We also updated the Data Pager so that the user can type the desired page number directly into a text input box.  So you can get to page 125 in one page load. 

Finally, it is rare that the content author knows the number of the page containing the asset they want.  If you're looking for "foobar.xml", which page is that?   You might guess it would be somewhere in the middle, but why should you be manually performing a binary search of a sorted list?  To address this, we added the Find Page button, which allows the user to enter in the name of the desired asset.  The page is then changed to the one containing that asset, if it exists.  Otherwise, the page is changed to the one which would contain the asset if it did exist (for example, if you're looking for "foobar.xml", you'd be brought to the page containing "fonts.txt" and "football.html")

WCM Search Wizard

With the release of Alfresco v2.1, WCM Search was introduced in the Staging sandboxes of Web Projects, but this was not exposed in the UI.   This is unfortunate because our content authors need to be able to find content when they don't know the exact path to it in the web project.  This was one of the big requirements we had for the WCM web client since we started working with Alfresco.

When Alfresco v2.1 came out, we first wrote a WCM Search Web Script, but this was not easy to integrate well into the web client.  So we then wrote a WCM Search Wizard, which can be called on a Web Project or sandbox.  If the user calls the search wizard on a Web Project, she must choose which sandbox* within that project to search.  If the user calls the search wizard on a particular sandbox, that sandbox is searched.  The search query is (currently) a single text input which is passed as-is to Lucene. 
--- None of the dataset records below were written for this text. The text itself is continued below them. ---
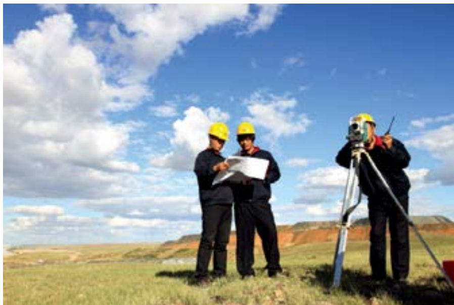
中国黄金集团苏尼特金矿公司员工进行地质探矿。

波动的严峻市场挑战，在教育实践活动中，我们借鉴国际一流矿业公司及东方希望集团等优秀民营企业独特的管理经验和做法，针对行业特点，找准短板，开展全方位对标，切实提高集团公司发展质量和效益。2013年，在黄金年均价下滑30%、铜价大幅波动的情况下，全年实现销售收入1101亿元，同比增长9.5%；生产矿产金39.4吨，超额完成年预算的10%，矿山铜10.2万吨，超额完成年预算的8%，矿产金和矿山铜产量分别位居国内第一和第四位。今年上半年，集团公司实现营业收入完成年预算的50.33%；利润总额按预算口径完成年预算的50.27%；生产矿产金完成年预算的50.05%，矿山铜完成年预算的49.4%。在主要产品价格持续低迷的市场条件下，主要指标均实现“时间过半、任务过半”的目标。
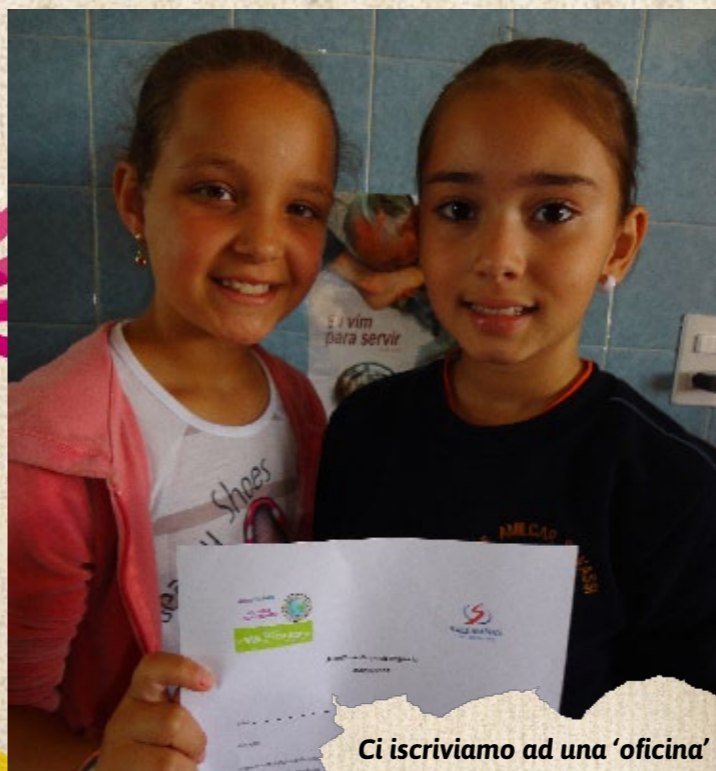
Ci iscriviamo ad una 'oficina'
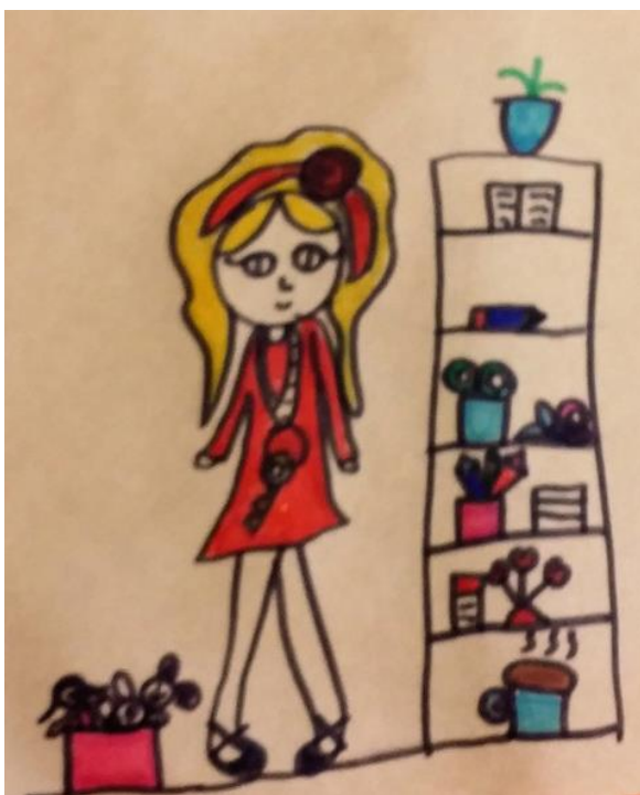
Kuvio 4: Perhetyöntekijä

Lapset piirsivät tai maalasivat hienoja perhetyöntekijöitä. Kuviossa 3 perhetyöntekijä moikkaa ja puhekupla kuvaa perhetyön sisältöä, eli juttelua.
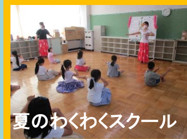
夏のわくわくスクール
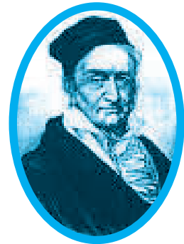
कार्ल फ्रैड्रिक गॉस (1777 – 1855)

अंकगणित की आधारभूत प्रमेय के रूप में विख्यात होने से पहले, प्रमेय 1.2 का संभवतया सर्वप्रथम वर्णन यूक्लिड के एलीमेंट्स की पुस्तक IX में साध्य (proposition) 14 के रूप में हुआ था। परंतु इसकी सबसे पहले सही उपपत्ति कार्ल फ्रैड्रिक गॉस (Carl Friedrich Gauss) ने अपनी कृति डिसक्विशंस अरिथमेटिकी (Disquisitiones Arithmeticae) में दी। कार्ल फ्रैड्रिक गॉस को प्रायः 'गणितज्ञों का राजकुमार' कहा जाता है तथा उनका नाम सभी समयकालों के तीन महानतम गणितज्ञों में लिया जाता है, जिनमें आर्किमिडीज़ (Archimedes) और न्यूटन (Newton) भी सम्मिलित हैं। उनका गणित और विज्ञान दोनों में मौलिक योगदान है।
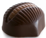
MARRONI & RUM 12Y

Ciocolato fondente monorigine Venezuela 72%, panna , pasta marroni, sciroppo glucosio, rum 12 anni
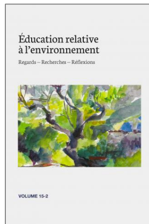
Illustration : Francine Labelle Couverture : L'amandier de Dominique (aquarelle)

Rappelons aussi que chaque couverture de la revue met en évidence l'œuvre d'un.e artiste.
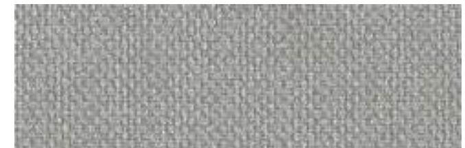
LISBURN 902 STONE
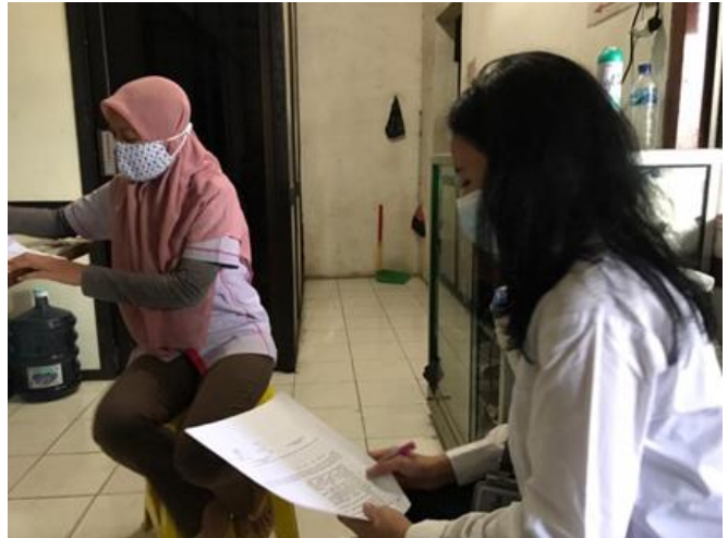
CV Gemini Mas Plastik (PMDN) Jl. Karang Pilang Barat No. 81
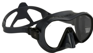
VX1 GREY Прозрачные линзы
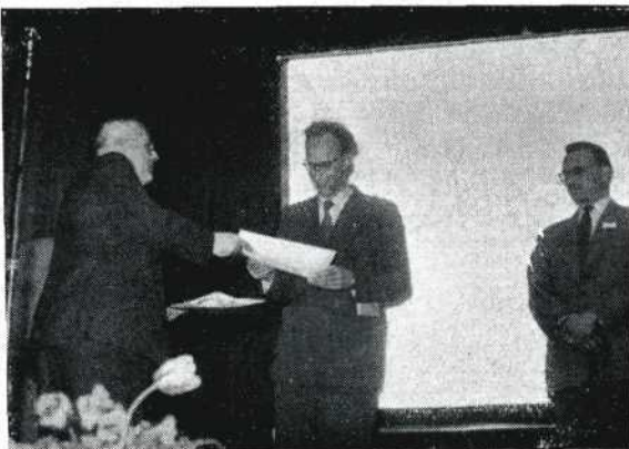
Prijsuitreiking bekroonde films. Hendriks wacht op de hoogste prijs.

De vraagsteller bedoelde de werkelijke met geluid opgezette film, immers een film met geluidsillustratie is feitelijk als stomme film opgezet. In de als zodanig opgezette geluidsfilm moet een eenheid zijn ontstaan van beeld en geluid, welke niet te scheiden zijn. Het is dus niet belangrijk op welke van de twee de nadruk ligt. In verband hiermede kwam naar voren dat in het NOVA-reglement voor de wedstrijd feitelijk een fout staat, nl. in de scheiding tussen geluidsfilm (waar hier be-
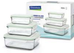
GL - 54 (RP519, RP533, RP532)
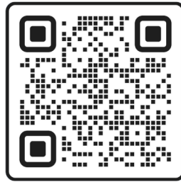
모바일 주보 QR 코드로 스캔하기 Scan the QR Code for Mobile Weekly Bulletin

When assets in a sandbox are found that satisfy the search query, they are shown to the user in a view that looks like the website-browse view, with all the same actions (edit, copy, preview, etc.). 

*I said that a particular sandbox is searched, but in fact only the Staging sandbox is indexed by Lucene.  We work around this by performing the search within the Staging sandbox, and then converting the results into sandbox-specific paths, discarding any entries which for some reason are not present in the sandbox (e.g., the user recently deleted them)  This means the search isn't perfect: it can never find sandbox-local modifications.  Hopefully a future version of Alfresco provides true sandbox-level search functionality.

Jpeg Metadata Extractor & Content Transformer

The Alumni Association will have a large number of jpeg images in their web project.  They need to be able to locate an image by searching its metadata (EXIF/IPTC data).  Our WCM Search Wizard allows the searching of metadata, but there is no actual extraction of JPEG metadata by default.  We wrote* a Jpeg Metadata Extractor to populate Alfresco properties corresponding to this metadata, as well as a content transformer to allow this data to be found by a default (i.e., TEXT) Lucene search. 

This also involved turning on the AVM Metadata Extraction in Alfresco v2.1, which is off by default.

*We are aware of an Alfresco Forge project to extract EXIF metadata from JPEGs.  Unfortunately, the source code is not made available by the project author, and we are not interested in closed source solutions.

File Picker Widget:  Search & Preview

A major complaint from the pubs team is that the File Picker Widget in Web Forms that use xs:anyURI fields and when browsing the repository within the link/image buttons of TinyMCE is unusable if the web project contains a large amount of data.  That is, the same web project navigation problem crops up in the File Picker.  We extended the File Picker to allow the content author to perform a WCM Search. 

Plus, we added Preview buttons to the File Picker so that the content author can actually look at an item before selecting it.  This is not as easy to use as a thumbnail view, but at least makes image linking bearable, especially for the Alumni Association.